Based on the LSD, did seeding (S vs. s) have a significant effect when water and nitrogen were added?
Explain where the numbers in the calculation of the LSD come from and why the calculation of the LSD has the MSE multiplied by two and divided by 3.
Describe the meaning of the columns in the output from this code **emmeans(crd.mod, "Treatment")** .
#### Part 3. RCBD Sum of Squares and Degrees of Freedom [35 points]
Now consider that the experiment was actually an RCBD and analyze it accordingly.
First, use basic functions to partition the total sum of squares of logMass into treatments, blocks and residual or error.

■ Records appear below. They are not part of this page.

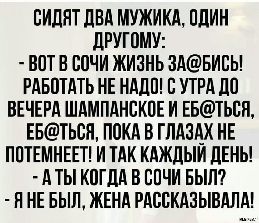 Два идиота сидят в дурке и возник,у них спор.Один говорит что на улице день,в а второй орет что ночь,первый говорит вон солнце же светит,а второй рядит что на небе луна.Короче спорили часов 5,потом устали.Вдруг на одного нашло прозрение,он и говорит,а давай в окошко выглянем и кто под ни будет проходить,у того и узнаем что на небе(солнце или луна).Ну выглядывают смотрят мужик идет,они ему -мужик что сейчас на улице день или ночь:-Да хрен его знает,яж не местный.
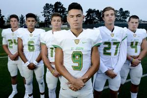 Members of the St. Joseph High School football team gather during a photo shoot at Lee Central Coast Newspapers’ Media Day in Santa Maria on Saturday.
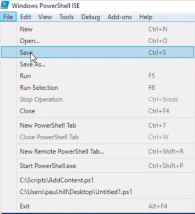 And, we are going to This PC > C:\ > and create a new folder called Scripts and name it AddContent.ps1. Click on Save.
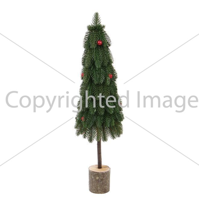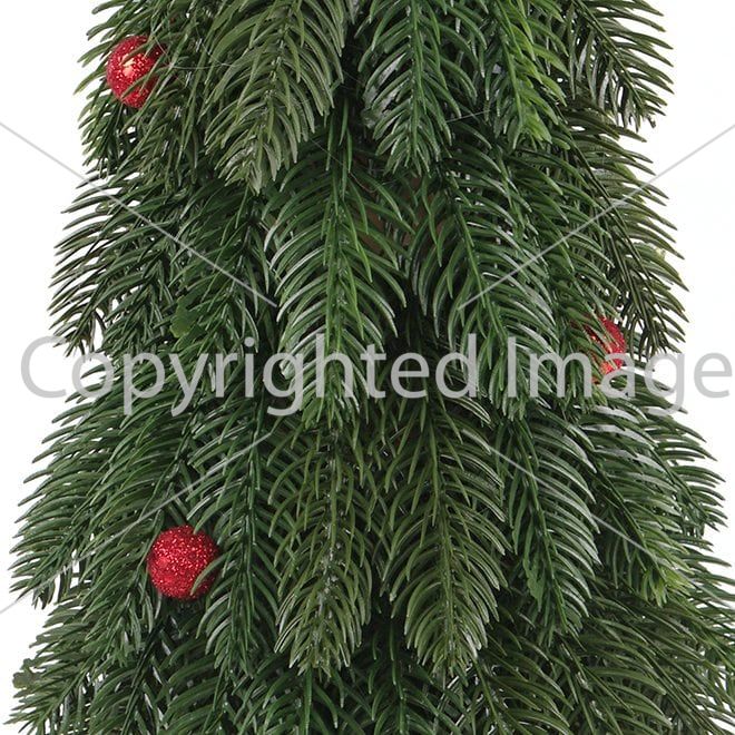 Елка литая на деревянной зеленой подставке с красными шариками 62 см.

Recall that the model for the RCBD partitions each observation into overall mean, treatment effect, block effect and random error:
$$Y_{ij} = \mu_{..} + \tau_{i.} + B_{.j} + \epsilon_{ij} \\ \epsilon_{ij} \sim N(0, \ \sigma)$$
Because we do not know the values of the parameters (mean, treatment effects, block effects), we use estimates obtained with the following equations:
$$Y_{ij} = \hat{\mu}_{..} + \hat{\tau}_{i.} + \hat{B}_{.j} + \hat{\epsilon}_{ij}$$
where the overall average estimates the overall mean (recall that the "hat" stands for "estimated"),
$$\hat{\mu}_{..} = \bar{Y}_{..} = \displaystyle\sum_{i=1}^{k} \displaystyle\sum_{j=1}^{r} \frac{Y_{ij}}{r \ k}$$
the difference between each treatment average and the overall average estimates the treatment effect $\tau_{i.}$,
$$\hat{\tau}_{i.} = \hat{\mu}_{i.} - \hat{\mu}_{..} = \left(\displaystyle\sum_{j=1}^{r}\frac{Y_{ij}}r\right)-\bar{Y}_{..} = \bar{Y}_{i.}-\bar{Y}_{..}$$
the difference between each block average and the overall average estimates the block effect $B_j$,
$$\hat{B}_{.j} = \hat{\mu}_{.j} - \hat{\mu}_{..} = \left(\displaystyle\sum_{i=1}^{k}\frac{Y_{ij}} k \right)-\bar{Y}_{ij}$$
and the estimated random error $\epsilon$ is calculated by difference
$$\hat{\epsilon}_{ij} = e_{ij} = Y_{ij} - \bar{Y}_{..} - \hat{\tau}_{i.} - \hat{B}_{.j}$$
The sums of squares are calculated by creating columns for $\hat{B}_j$, $\hat{\tau}_i$, and $\hat{\epsilon}_{ij}$ and then summing the squares of the values in each column.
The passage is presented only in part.